The attributes I want to save/load are small and pretty simple data formats (nothing fancy: int, float, dict, strings, lists of those), so I’d like to use JSON to keep things simple.

So far, the best I’ve come up with is to hack through the dir() listing of self and pluck out non-callable items not starting with _ into a dict, which I then seralise. And for loading, I hack it a bit using exec():

import json

class Foo:
    a = 1
    b = 1.5
    c = "a string"
    d = ["a", "list", "of", "strings"]
    
    def save_settings(self):
        settings = {}
        attributes = dir(self)
        for k in attributes: 
            if k[0] != "_" and not callable(eval("self."+k)):
                settings[k] = eval("self."+k)
        print(settings)
        with open("settings.json", "w") as f:
            json.dump(settings, f, indent=4)
    
    def load_settings(self):
        with open("settings.json", "r") as f:
            settings = jason.load(f)
        print(settings)
        # Backward compatibility could be handled here by 
        # using an except() statement
        for k in settings.keys():
            exec(f"self.{k} = settings['{k}']")

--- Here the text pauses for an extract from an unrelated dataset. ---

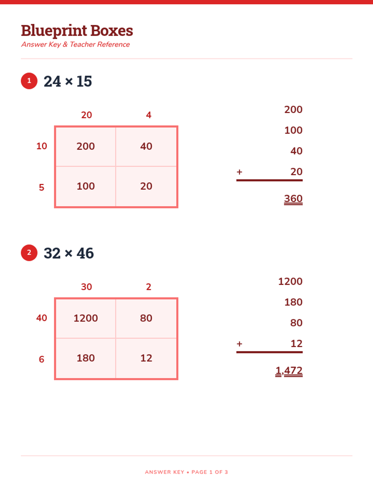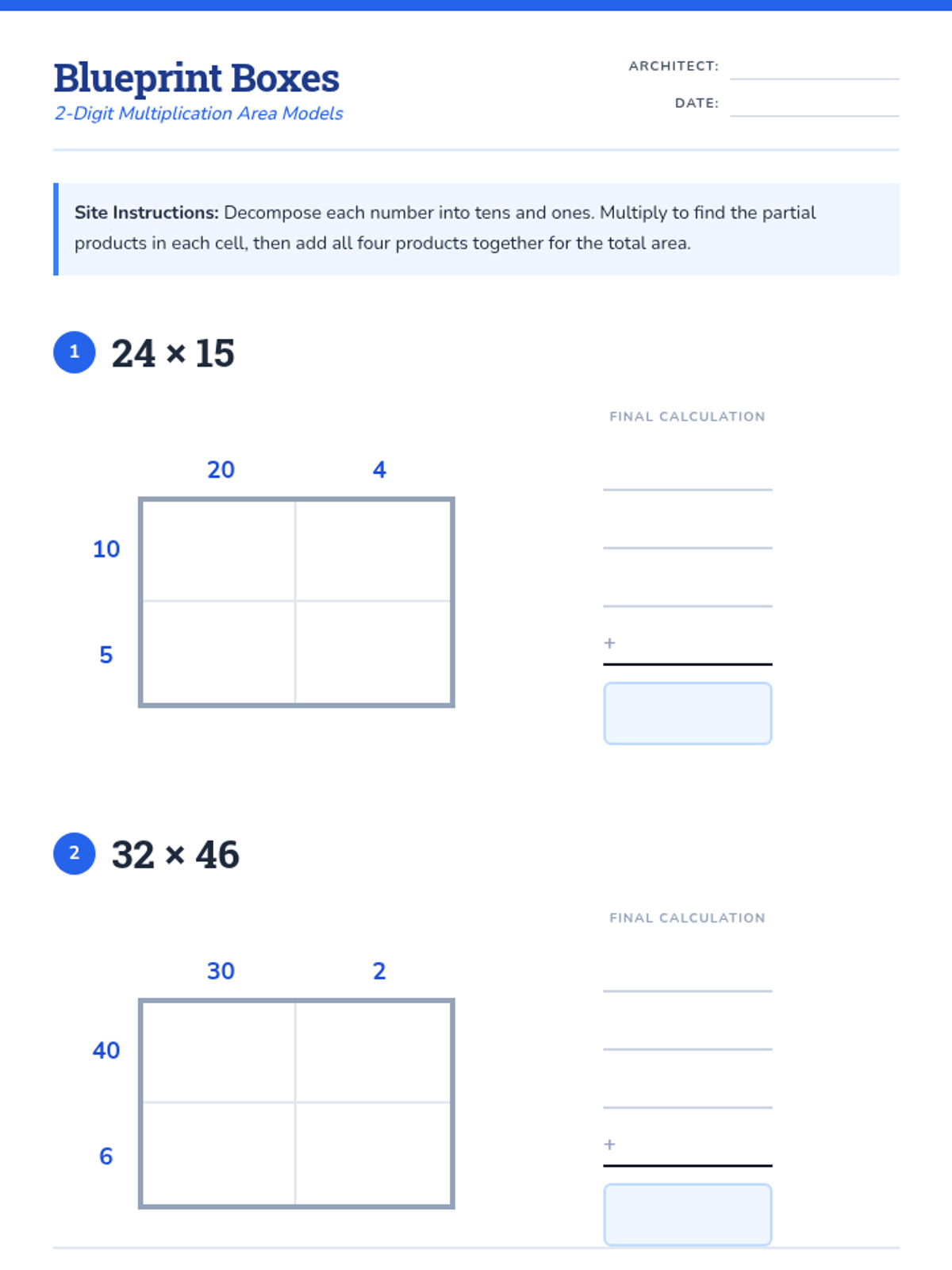 A visual lesson on multiplying 2-digit numbers by 2-digit numbers using the box method (area model). Students use a blueprint-themed layout to decompose numbers and calculate partial products.

Does this seem reasonable? Or is there a less “dirty” way to do this? I’m a bit of a noob, so this is mostly googling and reverse engineering.

Thanks!
Gary

slavoutich · 1 April 2021 21:03

On a glance, less hacky way to load settings would be:

self.__dict__.update(settings)

But I would, of course, not invent anything new and look around PyPi, this is a very common task, say, this looks reasonable for dataclasses. In general, the problem you are solving is called “Python object JSON serialization”, it is very googleable

Of course, I can’t go away without mentioning traitlets, because Jupyter configuration is stored in JSON and all the required machinery is there, but I can’t provide a direct recipie without reading the code or thinking a lot myself.

gsteele13 · 1 April 2021 21:35

cool, thanks slava, i’ll give it a try for sure!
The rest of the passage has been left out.